Смекни!
smekni.com

Тургенев, античное наследие и истина либерализма (стр. 6 из 7)

Ранняя статья Ивана Киреевского и отрывок Гоголя “Рим” составляют два штриха в пунктире, очерчивающем в России движение идеи либерализма к ее истине, которые предшествуют форме, приданной этой идее Тургеневым. Штрих, отражающий то же движение в эпоху после Тургенева, представлен сборником “Вехи” (1909). Стоявшее перед либеральным умонастроением во времена Тургенева общее противостояние власти и передовой мысли за прошедшие два-три десятилетия конкретизовалось и стянулось в узел, получивший в языке времени название “народ и интеллигенция”. Узел этот был представлен в посвященном ему манифесте Достоевского в “Дневнике писателя” за 1876 год (“О любви к народу. Необходимый контракт с народом” и “Мужик Марей”). Выбор, предоставленный здесь носителю внутренней свободы, по сути дела, не был выбором, а тем самым и не предполагал свободы решения — liber arbitrium. Интеллигенция “многое принесла с собой”, но это ее духовное достояние несоизмеримо по своей ценности с “правдой народной” и с “идеалами народными, подлинно прекрасными”. Выбора тем самым нет, а есть ответственность и обязанность интеллигенции “преклониться перед правдой народной, признать идеалы народные подлинно прекрасными”. В большей или меньшей мере интеллигенция приняла этот наказ и в большей или меньшей мере погрузилась в борьбу за “народную правду”. Публикация “Вех” мотивировалась их авторами тем, что, идя по предложенному здесь пути, интеллигенция целиком подчинила себя решению насущных задач социальной и политической борьбы, утратив — и сознательно утратив — в ней помыслы об истине, о ее философских основаниях, о полноте жизни, ее вмещающей, о знаниях, для этого необходимых, и о свободе ума и, говоря по-пушкински: “дороги”. Предпосланная сборнику вводная статья, где эти мысли развиты наиболее полно, написана была Н.А. Бердяевым и озаглавлена им “Философская истина и интеллигентская правда”.

Эпилог

На предшествующих страницах мы постарались сказать о либерализме в его истине, основанной на пристальном внутренне мотивированном внимании к судьбам общества, на отвлечении от интересов конкретных социально-политических партийных сил, сталкивающихся на его поверхности, о свободе выбора между ними, о знаниях и широте культурного горизонта, для этого необходимых, об идеале общественной целостности с его глубинной, пусть и не всегда осознанной генеалогией.

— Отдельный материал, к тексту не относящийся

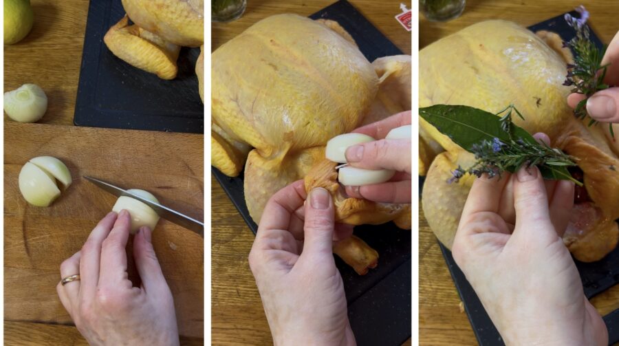 Schil, spoel en snijd de uien grof en stop ze in de kip samen met een takje rozemarijn en drie laurierblaadjes.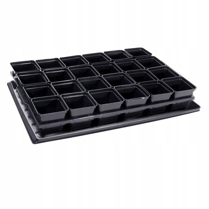 Zestaw doniczek produkcyjnych P9 z podstawką to kompletny wybór dla profesjonalistów i hobbystów. W zestawie znajduje się 24 doniczki o wymiarach 9x9x9,6 cm (0,5 l) oraz solidna tacka transportowa z 24 przegródkami i podstawka 60x40x5 cm, zapewniająca wygodę i porządek w uprawie roślin.

Мы напомнили читателю об общественных процессах и сломах, которые вызвали в качестве ответной реакции культуры означенную “истину либерализма”, — о нарастающей конкуренции, об индустриализации и социальной разобщенности, о политической конфликтности, о классовых антагонизмах и партиях, их отражающих. Мы попробовали нащупать связь между “истиной либерализма” и указанными процессами и сломами и обнаружили ее в неуклонном сопротивлении культуры разрушению общественной цельности, разрушению динамического и неустойчивого, но вечно живого противоречивого единства общественного организма. Отсюда, как нам показалось, возникли некоторые существенные черты мироощущения и творчества Тургенева и некоторые явления, русские и западноевропейские, составившие его более или менее отдаленный, но культурно-исторически заданный контекст.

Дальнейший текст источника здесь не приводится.